SUPPLIED MATERIAL:
■ ■ ■ ■ ■ ■ ■

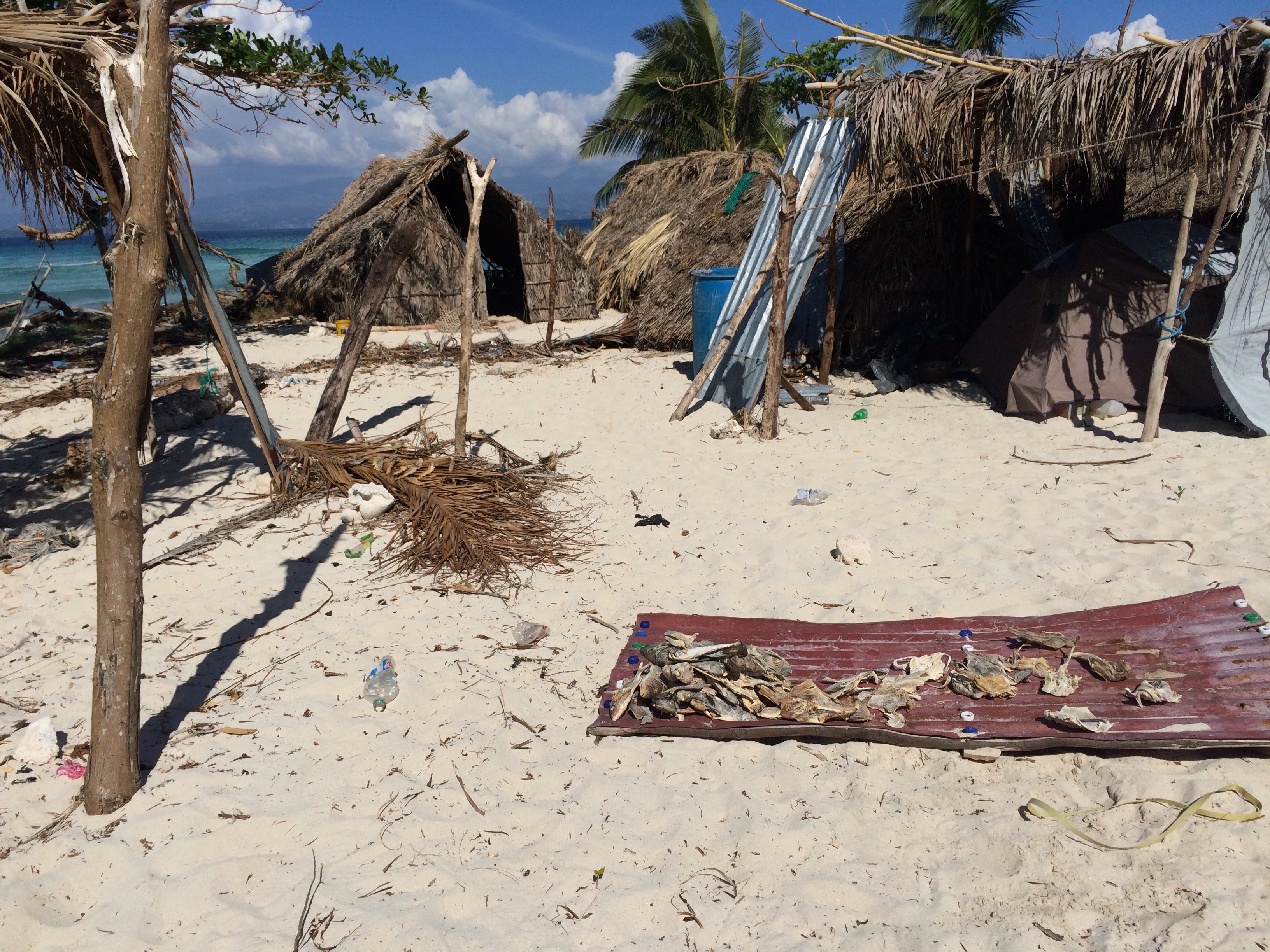 Sie erzählten uns dass sie in erster Linie vom Fischfang lebten und für Trinkwasser immer mit ihren ausgehöhlten Mangobäumen zur Ile a Vache segelten. Die Brunnen der Nachbarinsel waren nun aber verseucht und es gab kein sauberes Wasser mehr. Wir versprachen die Insel nun regelmäßig anzusteuern und ihnen Trinkwasser mit zu bringen. Sie waren trotz ihrer offensichtlichen Armut sehr Gastfreundlich und zeigten uns gerne wie sie lebten. Ihre kleinen Hütten aus Bananenblättern, Schilf und Bambus wurden alle vom Sturm zerstört. Ein paar wenige waren wieder notdürftig zusammen gebastelt aber das Baumaterial Palmblätter war weitgehend verschwunden. Sie verwerteten alles was aus dem Meer angespült wurde. Selbst die Segel ihrer Boote waren aus angeschwemmten Säcken, Folien oder Planen.
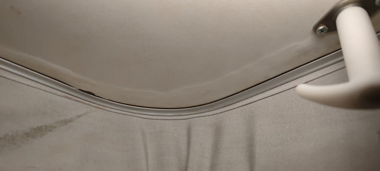 Voici quelques photos (avec une lumière rasante ça ressort bien) : La toile est aussi bien tachée à cet endroit et cela ne date pas d'hier. Lors du gros orage il y a quelques jours, la toile n'étais pas mouillée (toit baissé) : Quand il pleuvait j'ai passé la main derrière (au niveau du raccord entre le profil alu et le toit en résine) mais n'ai pas senti d'eau...
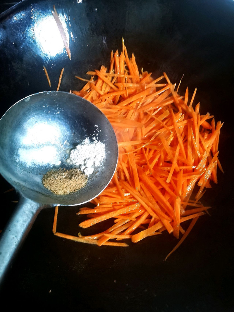 然后就是烹调方法了,褐色的是牛肉粉,白色鸡粉,少量味精,少量香油(有味就够),胡萝卜直接炒即可,断生就可,这里呢,建议进入咸淡就行。 其他食材方法一样,唯一不同的是,黄豆芽,牛肉,香菇,需过水烫熟,调料翻炒均匀出锅。圆葱要炒的久一点,易辣。角瓜断生就可,不要过久,也不要太短,久了没有口感,短了,不熟。石锅拌饭的烹饪技巧

■ ■ ■ ■ ■ ■ ■

EXERCISE DESCRIPTION: Give again, exactly, each line from the one that contains "Voici quelques photos" through the last line of the material above. Pictures do not belong in the copy.

SOLUTION BELOW:
 Voici quelques photos (avec une lumière rasante ça ressort bien) : La toile est aussi bien tachée à cet endroit et cela ne date pas d'hier. Lors du gros orage il y a quelques jours, la toile n'étais pas mouillée (toit baissé) : Quand il pleuvait j'ai passé la main derrière (au niveau du raccord entre le profil alu et le toit en résine) mais n'ai pas senti d'eau...
 然后就是烹调方法了,褐色的是牛肉粉,白色鸡粉,少量味精,少量香油(有味就够),胡萝卜直接炒即可,断生就可,这里呢,建议进入咸淡就行。 其他食材方法一样,唯一不同的是,黄豆芽,牛肉,香菇,需过水烫熟,调料翻炒均匀出锅。圆葱要炒的久一点,易辣。角瓜断生就可,不要过久,也不要太短,久了没有口感,短了,不熟。石锅拌饭的烹饪技巧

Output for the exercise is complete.